## Problem to solve
In the copy, keep every line below as it is and leave out the pictures.

Stored entries
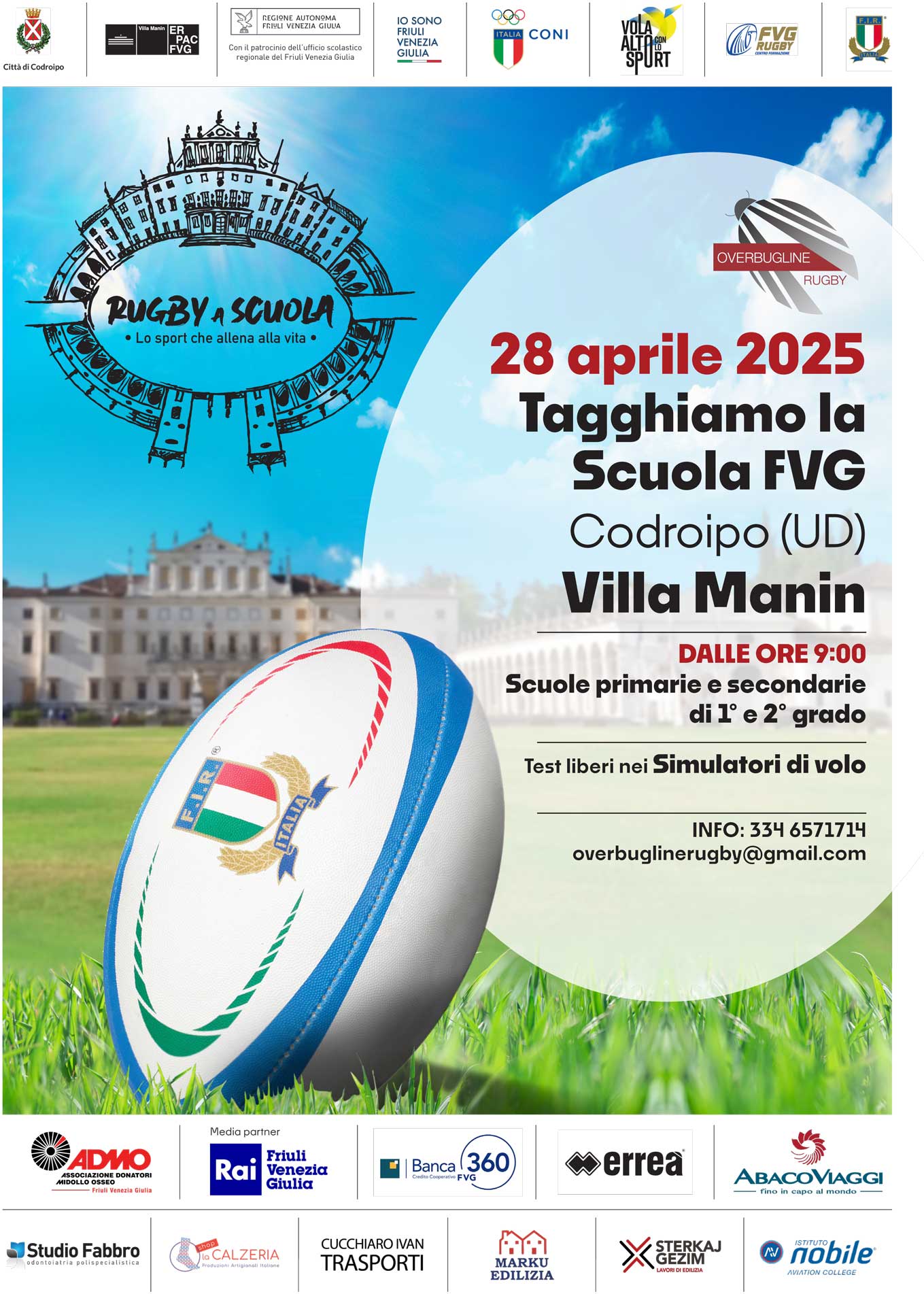 Evento realizzato in collaborazione con la Regione Friuli Venezia Giulia, Turismo FVG, l’Ufficio scolastico del Friuli Venezia Giulia, FVG Rugby, Vola Alto con lo sport, Istituto Nobile Aviation college di Fagagna (UD) e con il patrocinio dei comuni di Udine, Codroipo, Lignano Sabbiadoro, Sedegliano, Spilimbergo, Flaibano, Povoletto. Media partner: Rai Friuli Venezia Giulia.
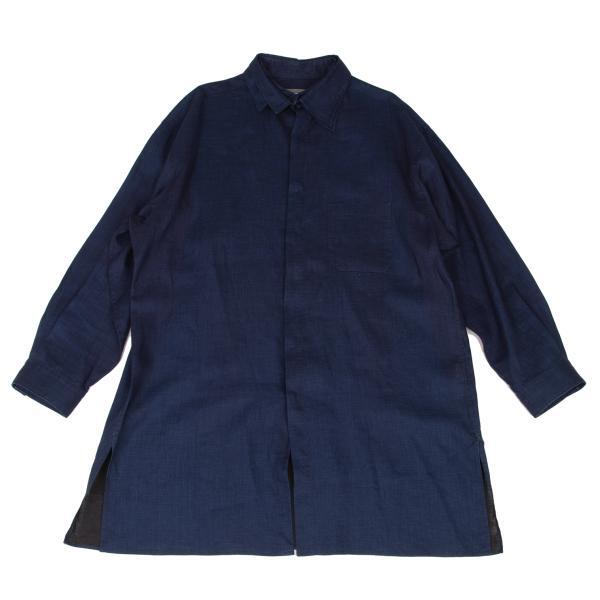 | ヨウジヤマモト プールオムYohji Yamamoto POUR HOMME インディゴリネンスペアカラーロングシャツ 紺3 |
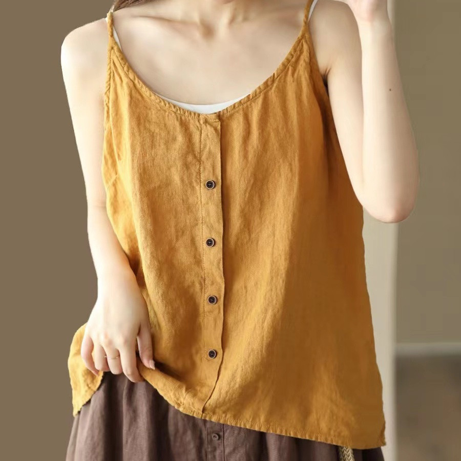 Vải Lanh Cotton Mùa Hè Phong Cách Mới Văn Học Retro Top Nút Trang Trí Mỏng Rời Bên Trong Đế Nữ
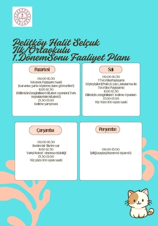 Bakanlık tarafından her tür ve kademedeki tüm okullara gönderilen resmi yazı ile Bakanlıkça hazırlanan "Dönem Sonu Faaliyet Haftası Planı 2024 - 2025" örneği üzerinden, "Dönem Sonu Faaliyet Haftası Uygulama Kılavuzu Ocak 2025" dâhilinde birinci dönem son haftasının öğrencilerin ilgisini çekecek ve coşkuyla geçirilecek bir hafta olarak tasarlanması amaçlanmıştır.
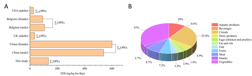 Fig. 2. Estimated dietary intakes (EDI) and risk assessment. (A) Comparison of EDI values of OPEs in food between this study and empirical research conducted in different countries. (B) Contribution of different food categories to the total estimated daily per capita dietary intakes for the adult population (EDI = 135.41 ng/g bw/day).
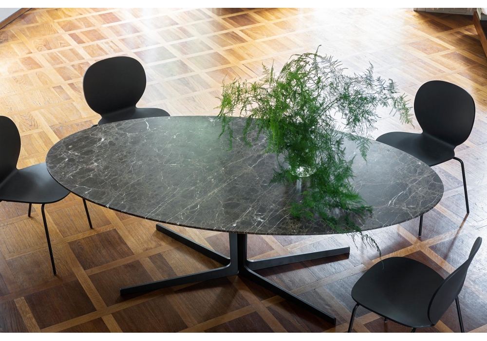 Split diseñada por Claesson Koivisto Rune para Tacchini es una mesa con base de metal pintado en polvo y tapa de MDF lacado. La base siempre es del mismo color que la tapa. Disponible en diferentes acabados y dimensiones.
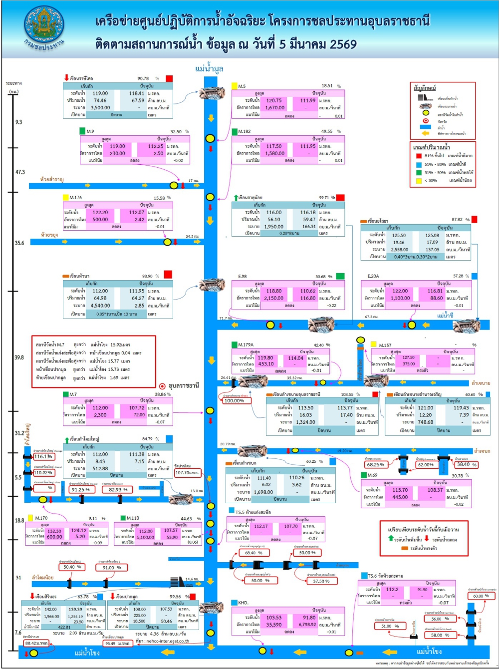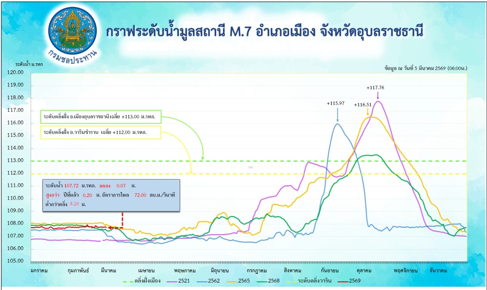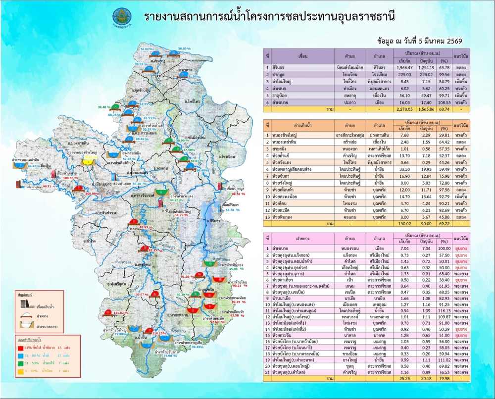 สรุปรายงานสถานการณ์น้ำในเขตจังหวัดอุบลราชธานี วันที่ 5 มีนาคม 2569
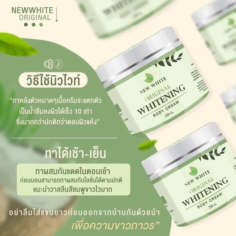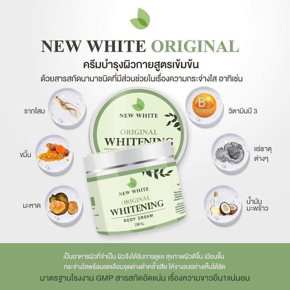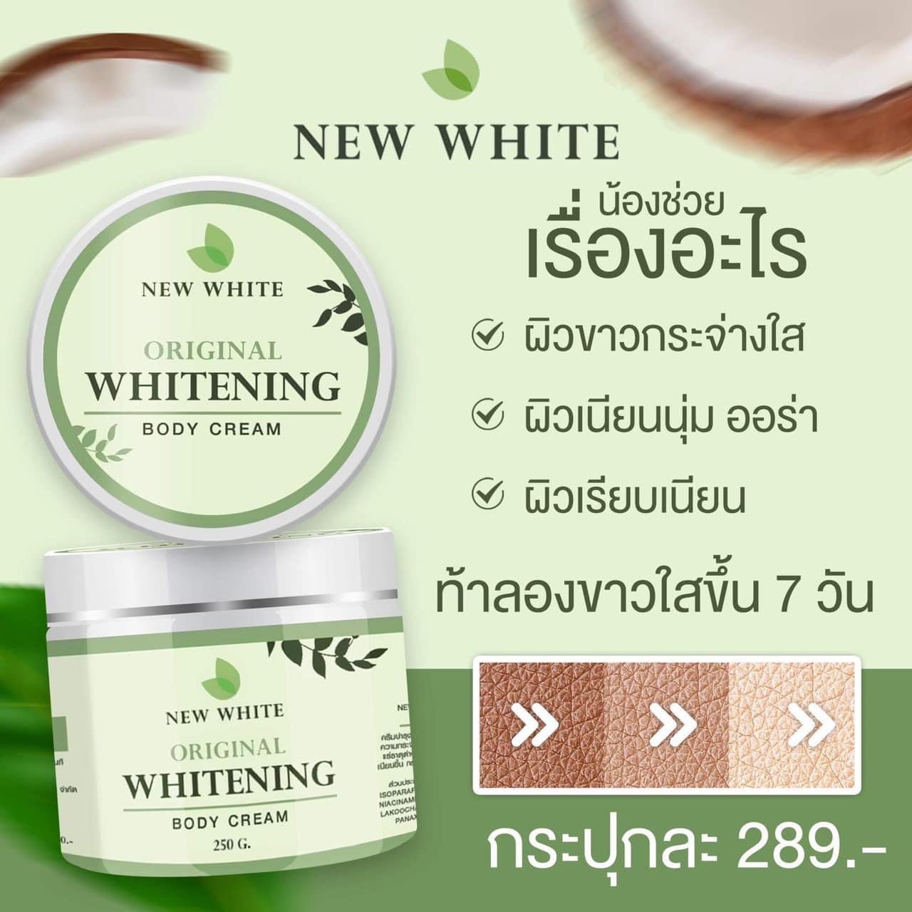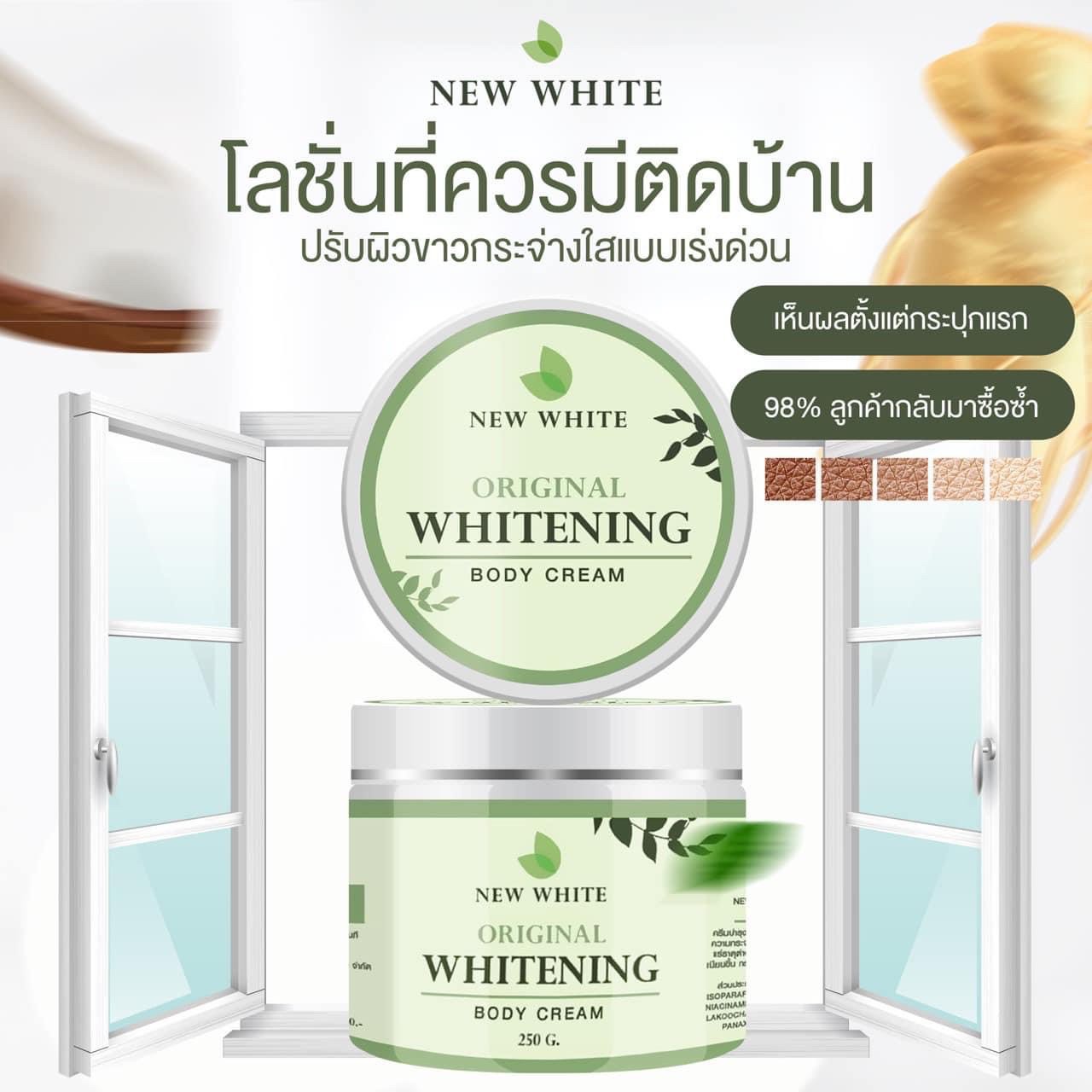 นิวไวท์ โลชั่นผิวขาว New white original whitening body cream มีส่วนช่วยในเรื่อง บำรุงผิวกาย ลดรอยดำ รอยแดง ปรับผิวขาวกระจ่างใส ช่วยให้ผิวชุ่มชื้น ไม่แห้ง และฟื้นฟูผิวคล้ำเสีย |
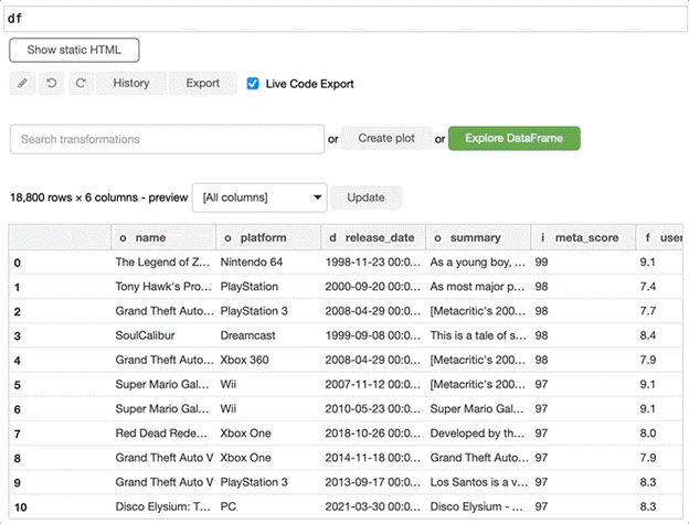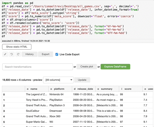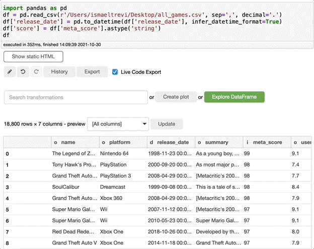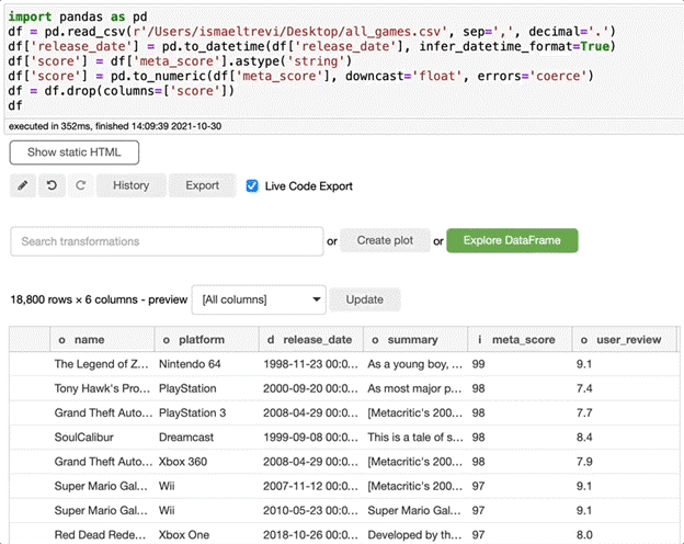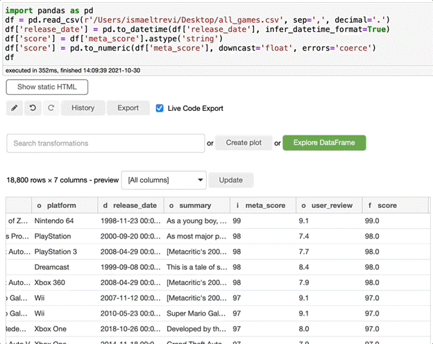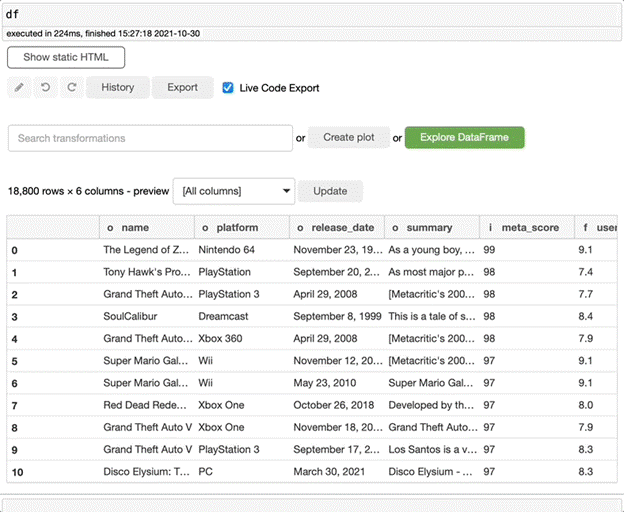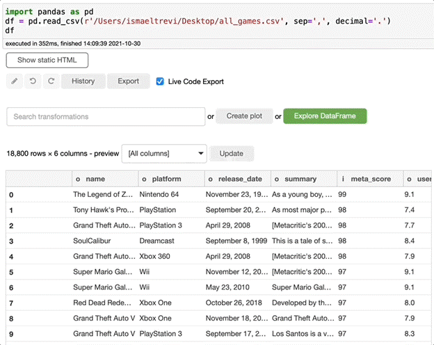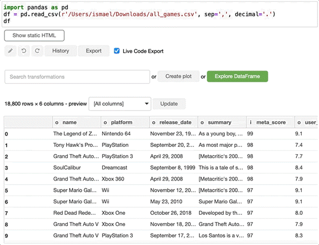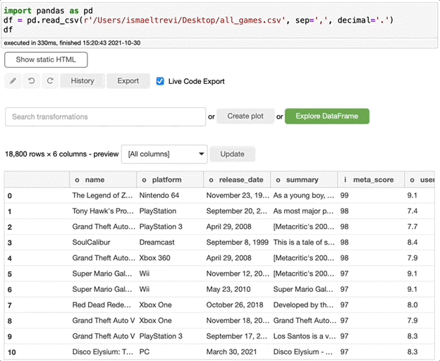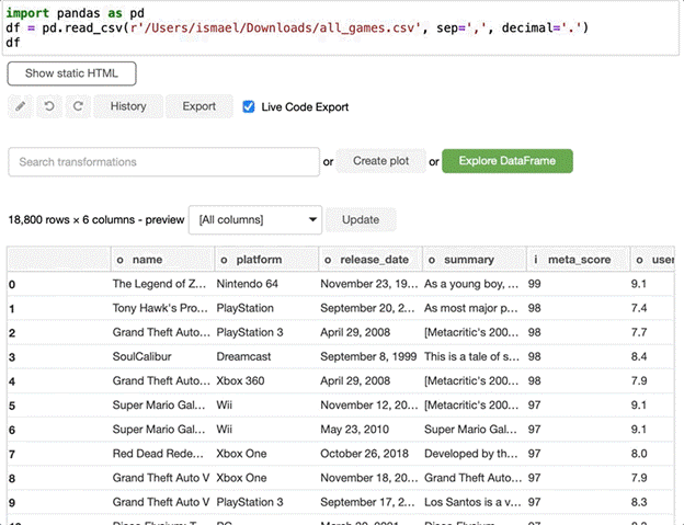 การติดตั้ง Bamboolib นั้นง่ายมาก คุณสามารถพิมพ์คำสั่ง pip install bamboolib ในหน้า Terminal ของคุณได้เลย หลังจากนั้น คุณสามารถนำเข้าไปยัง Jupyter Notebook ด้วยการพิมพ์ import bamboolib as bam เพื่อเริ่มต้นใช้งาน เราจะใช้ชุดข้อมูลยอดขายวิดีโอเกมส์จาก Kaggle All Video Games Sales เป็นตัวอย่างในบทความนี้ ทั้งนี้คุณสามารถที่จะใช้ข้อมูลอะไรก็ได้ตามที่คุณชอบ หลังจากดาวน์โหลดชุดข้อมูลของคุณแล้ว เรามานำเข้ามันและนั่นคือเราสามารถเริ่มใช้ Bamboolib ได้แล้ว.

## Answer section
 Evento realizzato in collaborazione con la Regione Friuli Venezia Giulia, Turismo FVG, l’Ufficio scolastico del Friuli Venezia Giulia, FVG Rugby, Vola Alto con lo sport, Istituto Nobile Aviation college di Fagagna (UD) e con il patrocinio dei comuni di Udine, Codroipo, Lignano Sabbiadoro, Sedegliano, Spilimbergo, Flaibano, Povoletto. Media partner: Rai Friuli Venezia Giulia.
 | ヨウジヤマモト プールオムYohji Yamamoto POUR HOMME インディゴリネンスペアカラーロングシャツ 紺3 |
 Vải Lanh Cotton Mùa Hè Phong Cách Mới Văn Học Retro Top Nút Trang Trí Mỏng Rời Bên Trong Đế Nữ
 Bakanlık tarafından her tür ve kademedeki tüm okullara gönderilen resmi yazı ile Bakanlıkça hazırlanan "Dönem Sonu Faaliyet Haftası Planı 2024 - 2025" örneği üzerinden, "Dönem Sonu Faaliyet Haftası Uygulama Kılavuzu Ocak 2025" dâhilinde birinci dönem son haftasının öğrencilerin ilgisini çekecek ve coşkuyla geçirilecek bir hafta olarak tasarlanması amaçlanmıştır.
 Fig. 2. Estimated dietary intakes (EDI) and risk assessment. (A) Comparison of EDI values of OPEs in food between this study and empirical research conducted in different countries. (B) Contribution of different food categories to the total estimated daily per capita dietary intakes for the adult population (EDI = 135.41 ng/g bw/day).
 Split diseñada por Claesson Koivisto Rune para Tacchini es una mesa con base de metal pintado en polvo y tapa de MDF lacado. La base siempre es del mismo color que la tapa. Disponible en diferentes acabados y dimensiones.
 สรุปรายงานสถานการณ์น้ำในเขตจังหวัดอุบลราชธานี วันที่ 5 มีนาคม 2569
 นิวไวท์ โลชั่นผิวขาว New white original whitening body cream มีส่วนช่วยในเรื่อง บำรุงผิวกาย ลดรอยดำ รอยแดง ปรับผิวขาวกระจ่างใส ช่วยให้ผิวชุ่มชื้น ไม่แห้ง และฟื้นฟูผิวคล้ำเสีย |
 การติดตั้ง Bamboolib นั้นง่ายมาก คุณสามารถพิมพ์คำสั่ง pip install bamboolib ในหน้า Terminal ของคุณได้เลย หลังจากนั้น คุณสามารถนำเข้าไปยัง Jupyter Notebook ด้วยการพิมพ์ import bamboolib as bam เพื่อเริ่มต้นใช้งาน เราจะใช้ชุดข้อมูลยอดขายวิดีโอเกมส์จาก Kaggle All Video Games Sales เป็นตัวอย่างในบทความนี้ ทั้งนี้คุณสามารถที่จะใช้ข้อมูลอะไรก็ได้ตามที่คุณชอบ หลังจากดาวน์โหลดชุดข้อมูลของคุณแล้ว เรามานำเข้ามันและนั่นคือเราสามารถเริ่มใช้ Bamboolib ได้แล้ว.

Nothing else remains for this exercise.